Use the old model airplane building trick. Use the yellow glue and then put a small dab of CA on the same joint. The CA will hold the parts while the yellow glue dries. On model airplane frames, we would stick them together with CA then you could take them off the board and brush yellow glue around the joint. That allows access all the way around the joint. On bigger pieces, we would put yellow glue between the parts, then put a tiny dab of CA outside to hold them.
John
I'm suprised nobody mentioned Pacer Formula 560 Canopy Glue. This is my favorite for bonding wood and paper products, as well as clear plastic. It's doesn't dry nearly as fast as CA, but it's by far faster than any other white glue I've tried.
David
Call me old fashioned, but I LOVE Walthers Goo.......
Yellow glue (for wood) comes in second, followed by Testors liquid for styrene and CA for everything else.
For tricky applications, I'll tack the pieces in place with Goo and seal the deal with a drop of CA.
Works like a charm.
Ken, I'm with you on that. I've been using Goo ever since the '80s and have learned to appreciate its qualities above most others. It is usually my first choice even though many people think I'm nuts. For paper model construction it's all but a necessity. -- Russ
I usually Titebond or Titebond II for outdoor projects. I have also used Testor's wood glue with good results. It sets quite fast and won't glue your fingers like CA.
(https://www.finescalerr.com/smf/proxy.php?request=http%3A%2F%2Fwww.hobbymasters.com%2FProductImages%2Fbuildingsupplies%2Fglues%2FThumb_tesr1505.JPG&hash=d7ed3008cbbd69418b99d763d69551481df9fc93)
-Brian
Particularly when gluing two dissimilar materials like wood to metal or metal to plastic, and on larger surfaces, a decent 5 min. epoxy has always been among my top choices.
Russ, GOO glue smells good too like the olden days of modeling. CA, especially when I flow a big fillet, is acrid and no fun at all.

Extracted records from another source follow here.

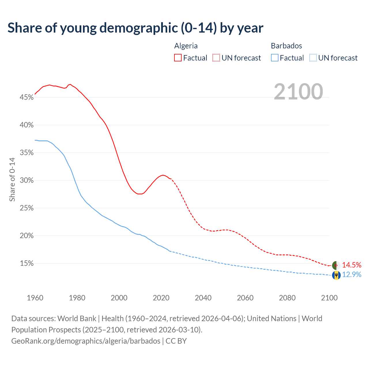 - The share of young demographic (0-15 years old) in Algeria is 30.3% vs 17.2% in Barbados.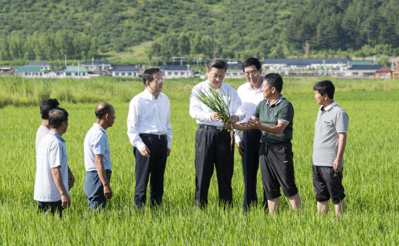 圖:二○一五年七月十八日,習近平在吉林調研,於延邊州和龍市東城鎮光東村視察水稻長勢 資料圖片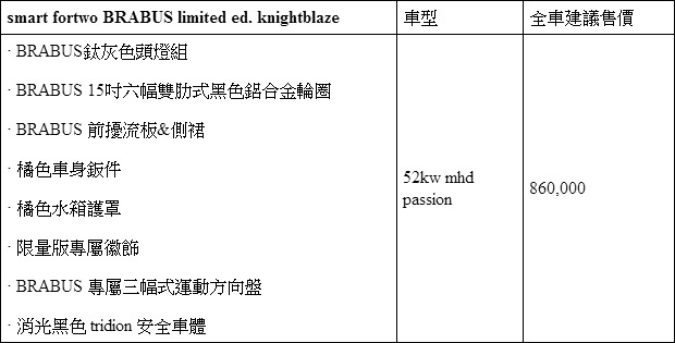 BRABUS再度合作的「火焰騎士」smart fortwo BRABUS limited ed. 限量30台,售價新台幣86萬元。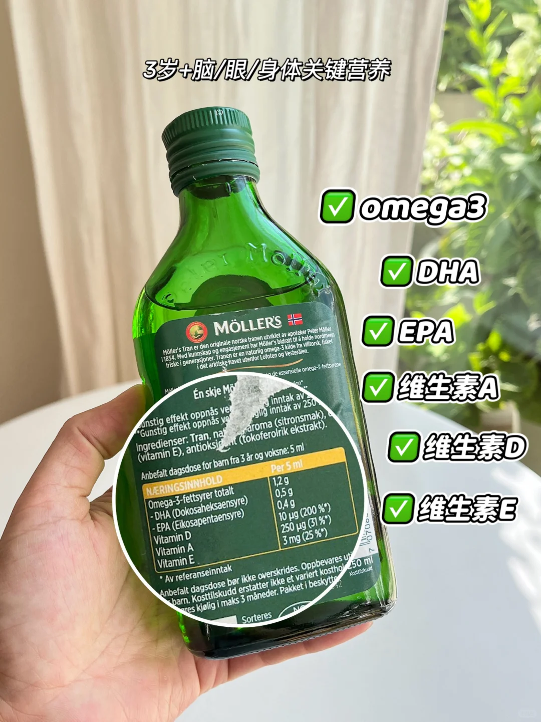 🔺Omega-3:每5ml鱼油含Omega-3达到1000mg就是非常不错的!(⚠️每日Omega-3摄入量达1000mg,才能满足人体摄入需求)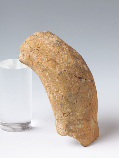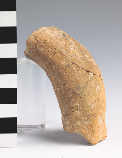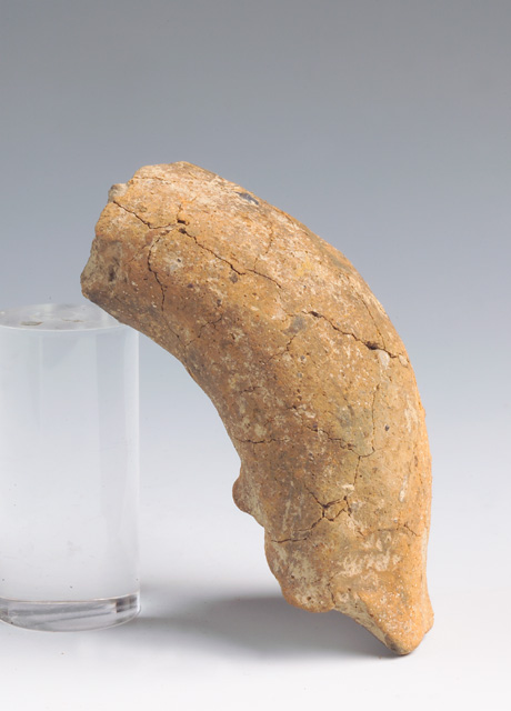 Ansa a maniglia orizzontale, a bastoncello a sezione quadrangolare spessa, frammentaria, profilo semicircolare prominente; impostata su parete arcuata. Impasto semigrossolano ricco di inclusi calcitici, superficie lisciata grigiastra

If the smell of CA is a problem for you I recommend you try foam safe CA. I discovered last year that I had developed an allergy to CA fumes. Nothing too serious, just my eyes would water pretty bad and my nose would run. Soon after I switched to foam safe CA and have had no noticible allergic reactions since. I use the generic stuff, (hobby shop label) labeled as "Super Gold+" 100% foam safe and odorless. That stuff also works with the regular accelerator and seems to be just as strong as regular CA. I tried Zap's version of foam safe which was much more expensive and requires a special accelerator and was very disappointed, didn't work very well at all.
David
All I use is CA for everything but styrene to styrene. I mostly use the super thin 1-3 sec. and on some things the extra thick 10-25 sec.
Gordon Birrell
http://www.flickr.com/photos/77318580@N00/
Dave from Ozark sent me some of that new glue he is advertising to try. So far I found it is strong, clear and dries fairly rapidly. It tends to be a little rubbery even after drying so doesn't sand well. That does mean it should take shock well. It tends to be a little stringy when you try to put it on with a toothpick in tight areas. It really does remind me of the old DUCO that I loved in my early model airplane days (daze). It is faster drying though. I've just started trying different materials and it worked well on wood but not on polycarbonate.